Your assignment => The whole listing needs retyping exactly; keep the pictures out of it.

(Dataset extract begins)

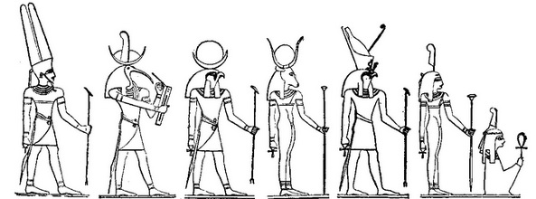 Египетские боги (слева направо): Амон-Ра, Тот, Хонсу, Хатор, Тум, Маат, Нейт, Анубис, Геб, Ра, Нейт, СохметОдно и то же деяние — сотворение мира, например, или сотворение людей — в каждом крупном городе приписывалось разным богам. Весь Египет чтил и любил доброго бога Осириса — и одновременно почитался его убийца, бог зла Сет; имена в честь Сета носили фараоны; и — опять же одновременно — Сета проклинали. В одном религиозном тексте говорится, что бог-крокодил Себек — враг солнечного бога Ра, в другом — что друг и защитник. Совершенно по-разному описывается в разных текстах Загробный Мир… И вообще — о любом природном явлении одновременно существовало множество разных представлений, которые самым непостижимым образом друг другу противоречили. Так, небо изображалось и в виде коровы, и в виде крыльев коршуна, и в виде реки — небесного Нила, и в виде женщины — небесной богини Нут. С нашей точки зрения, такое нагромождение противоречий, конечно, не укладывается ни в какие логические рамки и попросту идет здравому смыслу наперекор. Именно эти противоречия и делают египетскую мифологию столь трудной для понимания, именно из-за них она не получила такого широкого распространения, как мифология Древней Греции. Объяснить, из-за чего эти противоречия возникли, сравнительно нетрудно. В разных областях и городах страны складывались разные варианты одних и тех же легенд, которые, естественно, во многом не совпадали. Сказания передавались из уст в уста, переписывались с папируса на папирус; раз от разу все больше искажался первоначальный смысл текста, добавлялось что-то новое, забывалось старое, все большим становилось несоответствие между разными представлениями об одном боге. Наконец, как в любом фольклоре, сказания смешались и переплелись. Труднее понять, каким образом беспорядочное, казалось бы, нагромождение исключающих друг друга представлений могло сложиться в единую, цельную картину. Ведь если в наши дни человек из двух разных источников получит два противоречивых известия, он немедленно сделает вывод, что какое-то из двух известий (а может быть, и оба) не соответствует истине. Нельзя одновременно верить, что вчера в Москве был дождь и что его вчера в Москве не было: одно утверждение автоматически исключает другое. Как же в сознании египтян одновременно уживались четыре, пять, шесть и больше взаимоисключающих представлений об одном боге? Как они могли верить сразу десяткам противоречивых легенд? Попытаемся в этом разобраться. К сожалению, в наши дни большинство людей считает, что древние египтяне изображали, например, бога солнца Ра в виде человека с головой сокола, а небо — в виде реки, коровы, крыльев птицы и богини-женщины потому, что были наивны, не обладали достаточными знаниями о природе, об окружающем мире; и, чтобы хоть как-то объяснить непонятные для них явления — гром, ветер, закаты и восходы солнца, движение звезд, смену времен года, — они выдумали могущественного бога Ра, который и движет солнце по небу. На самом же деле такое простое, само собой напрашивающееся объяснение слишком поверхностно и содержит лишь очень малую долю истины. Прежде всего, никто из египтян не понимал изображение солнечного бога Ра буквально; никто не верил, что где-то на небесах действительно живет такое существо — человек с соколиной головой. Нет, из
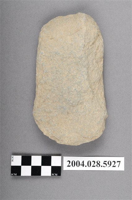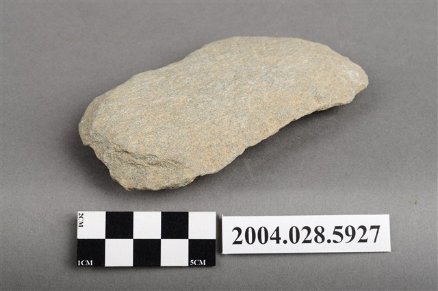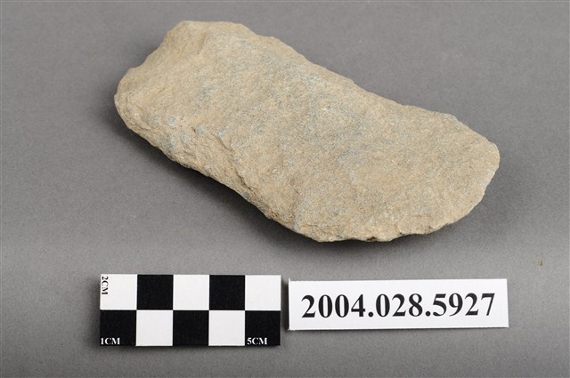 2.打製石斧常見於臺灣的史前遺址,為史前人類用作劈砍的工具,使用前於器身柄端以線繩纏繞綁縛木柄使用。由於石斧在地層中埋藏幾千年後,木柄的部分已腐爛風化,只剩下石質部分遺留下來。
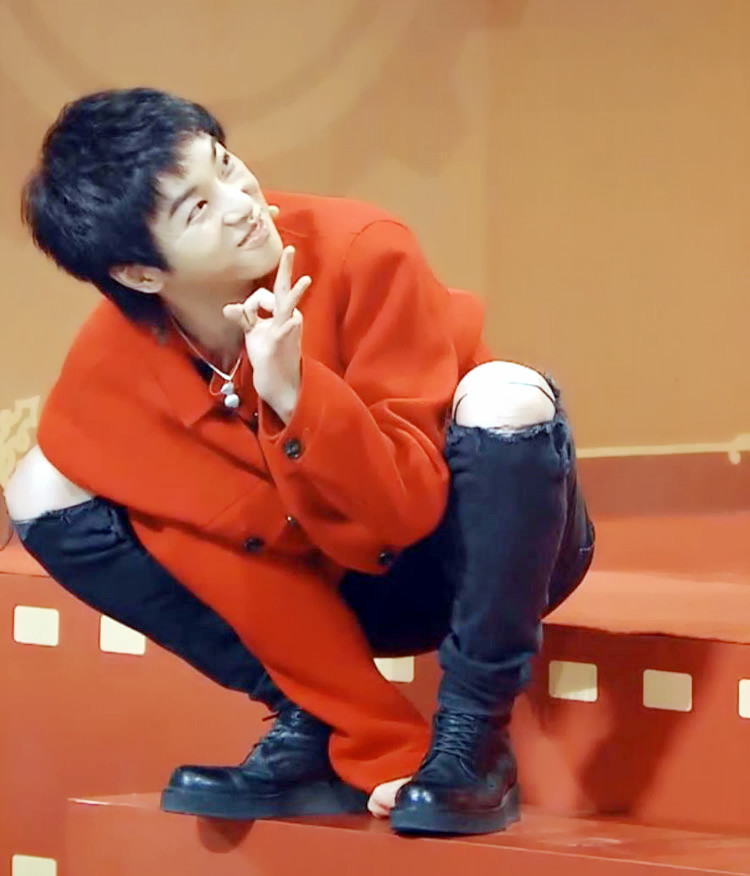 这个动作看起来真的挺奇葩的,一般人估计很少会这样蹲在地上。但华晨宇这样的时候还真不少。比如在《旅途的花样》里:

(Dataset extract ends)

Output of the exercise =>
 Египетские боги (слева направо): Амон-Ра, Тот, Хонсу, Хатор, Тум, Маат, Нейт, Анубис, Геб, Ра, Нейт, СохметОдно и то же деяние — сотворение мира, например, или сотворение людей — в каждом крупном городе приписывалось разным богам. Весь Египет чтил и любил доброго бога Осириса — и одновременно почитался его убийца, бог зла Сет; имена в честь Сета носили фараоны; и — опять же одновременно — Сета проклинали. В одном религиозном тексте говорится, что бог-крокодил Себек — враг солнечного бога Ра, в другом — что друг и защитник. Совершенно по-разному описывается в разных текстах Загробный Мир… И вообще — о любом природном явлении одновременно существовало множество разных представлений, которые самым непостижимым образом друг другу противоречили. Так, небо изображалось и в виде коровы, и в виде крыльев коршуна, и в виде реки — небесного Нила, и в виде женщины — небесной богини Нут. С нашей точки зрения, такое нагромождение противоречий, конечно, не укладывается ни в какие логические рамки и попросту идет здравому смыслу наперекор. Именно эти противоречия и делают египетскую мифологию столь трудной для понимания, именно из-за них она не получила такого широкого распространения, как мифология Древней Греции. Объяснить, из-за чего эти противоречия возникли, сравнительно нетрудно. В разных областях и городах страны складывались разные варианты одних и тех же легенд, которые, естественно, во многом не совпадали. Сказания передавались из уст в уста, переписывались с папируса на папирус; раз от разу все больше искажался первоначальный смысл текста, добавлялось что-то новое, забывалось старое, все большим становилось несоответствие между разными представлениями об одном боге. Наконец, как в любом фольклоре, сказания смешались и переплелись. Труднее понять, каким образом беспорядочное, казалось бы, нагромождение исключающих друг друга представлений могло сложиться в единую, цельную картину. Ведь если в наши дни человек из двух разных источников получит два противоречивых известия, он немедленно сделает вывод, что какое-то из двух известий (а может быть, и оба) не соответствует истине. Нельзя одновременно верить, что вчера в Москве был дождь и что его вчера в Москве не было: одно утверждение автоматически исключает другое. Как же в сознании египтян одновременно уживались четыре, пять, шесть и больше взаимоисключающих представлений об одном боге? Как они могли верить сразу десяткам противоречивых легенд? Попытаемся в этом разобраться. К сожалению, в наши дни большинство людей считает, что древние египтяне изображали, например, бога солнца Ра в виде человека с головой сокола, а небо — в виде реки, коровы, крыльев птицы и богини-женщины потому, что были наивны, не обладали достаточными знаниями о природе, об окружающем мире; и, чтобы хоть как-то объяснить непонятные для них явления — гром, ветер, закаты и восходы солнца, движение звезд, смену времен года, — они выдумали могущественного бога Ра, который и движет солнце по небу. На самом же деле такое простое, само собой напрашивающееся объяснение слишком поверхностно и содержит лишь очень малую долю истины. Прежде всего, никто из египтян не понимал изображение солнечного бога Ра буквально; никто не верил, что где-то на небесах действительно живет такое существо — человек с соколиной головой. Нет, из
 2.打製石斧常見於臺灣的史前遺址,為史前人類用作劈砍的工具,使用前於器身柄端以線繩纏繞綁縛木柄使用。由於石斧在地層中埋藏幾千年後,木柄的部分已腐爛風化,只剩下石質部分遺留下來。
 这个动作看起来真的挺奇葩的,一般人估计很少会这样蹲在地上。但华晨宇这样的时候还真不少。比如在《旅途的花样》里:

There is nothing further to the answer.